Brecht laughed softly. “You criticize us for not playing fair? Let me give you some advice. If we lose this war, the verdict returned against us will be monstrous. So, as soldiers and patriots, I think we should do everything in our power to deserve that verdict. I find it unfortunate that so many German soldiers are now beginning to pretend that this or that event did not take place. For one example, the reprisals by your own division at Oradour-sur-Glane this year. Already the quasi-official line is blaming that on a few overly zealous hotheads.”

Jaeger shrugged. “My battalion wasn’t at Oradour, we were under forced march to the Normandy beachheads.”

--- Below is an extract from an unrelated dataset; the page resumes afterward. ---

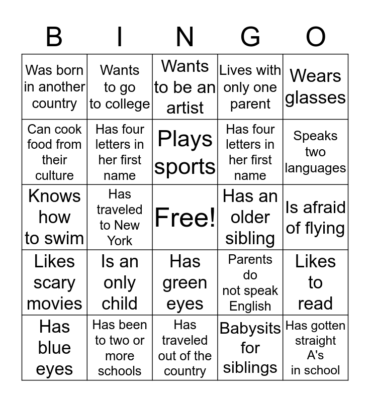 This bingo card has a free space and 24 words: Has blue eyes, Is an only child, Plays sports, Babysits for siblings, Wears glasses, Was born in another country, Wants to go to college, Wants to be an artist, Has an older sibling, Is afraid of flying, Knows how to swim, Has four letters in her first name, Parents do not speak English, Likes to read, Can cook food from their culture, Has been to two or more schools, Has traveled out of the country, Lives with only one parent, Speaks two languages, Likes scary movies, Has traveled to New York, Has green eyes, Has four letters in her first name and Has gotten straight A's in school.
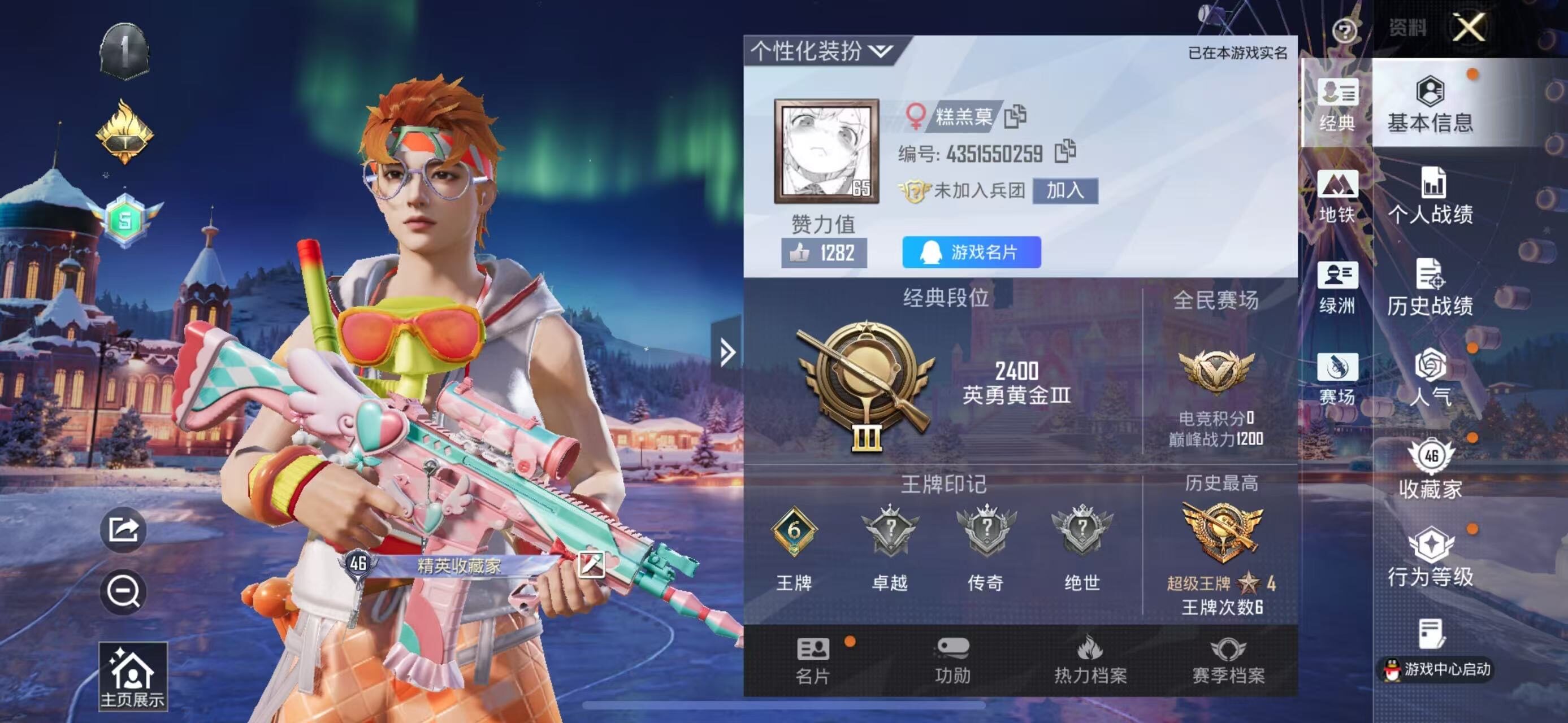 [15793458]【店主推荐捡漏号!可直接换绑】苹果 手Q-1粉装-1特效枪-0载具-1粉色飞行器-46162热力值-6王牌印记-113套装-170枪皮

“But thank God there were other soldiers ready and willing to put a torch to the village. I know, I know” — he made a dismissing gesture with his hand — “there’s pious talk of women and children, but do you seriously believe, colonel, that Allied airmen are concerned about the age or sex of the Germans they are killing by the thousands with their bombs? Do you honestly think those pilots distinguish between schools and hospitals and marshaling areas? Well, I suppose those are the facts of war. And the fact is that the maquis attacked the flanks of Das Reich and the village of Oradour paid for it. The only medals the Resistance can expect are the tears of their women. Do you think that’s a callous attitude?”

“No, I think it’s sentimental and cheap.” Jaeger saw he had scored a point; a quick anger strained the captain’s face.

“You disapprove of me, which I find strange at this stage of the game. If we aren’t all sinners by now, we haven’t been trying.” His voice sharpened a bit. “You knew Rudi Geldman, I believe?”

The talk of Oradour had stirred Jaeger’s anxiety. The mention of Rudi intensified it.

“As a matter of fact, yes.”

“You know then that he’s dead.”

“Yes, someone mentioned it to me.”

“He had an impressive mind.” Brecht’s tone became more casual. “Quite sinuous. I read a few of his articles when such activity was permissible. You know, it might have been all for the best if we’d bombed the concentration camps into the dust when they were first filled, the guards as well as the inmates.” He studied Jaeger thoughtfully. “You understand, colonel, I’m being whimsical, not heretical. Still, there must be a symbiotic relationship between the jailer and his prisoner. I taught history, you know, and such matters interest me. After the war I would like to produce the plays of Lope de Vega and Lorca in German. I was at Guernica. There is something fascinating and paradoxical in the Spanish character, a merciless cruelty rooted in a fierce intolerance of spiritual error. But that’s not my point. Who was it attracted whom in our camps, I wonder? Did the inmates act as magnets to a certain type of guard? Or did our death-head commandants with their whips and pederasty have an irresistible lure for a certain type of victim?”

A soft ridge of snow was dislodged from a tree limb by a gusting wind. It fell on the collar of Jaeger’s greatcoat, and when he brushed it off his fingers touched the frozen metal of his SS runes.

“It was odious and reprehensible what they did to young Geldman,” the captain said. “But considering his name, there was a certain irony to it.” Taking a silver flask from the inner pocket of his greatcoat, Brecht turned the cap back with his thumb. “Would you care for a drink?”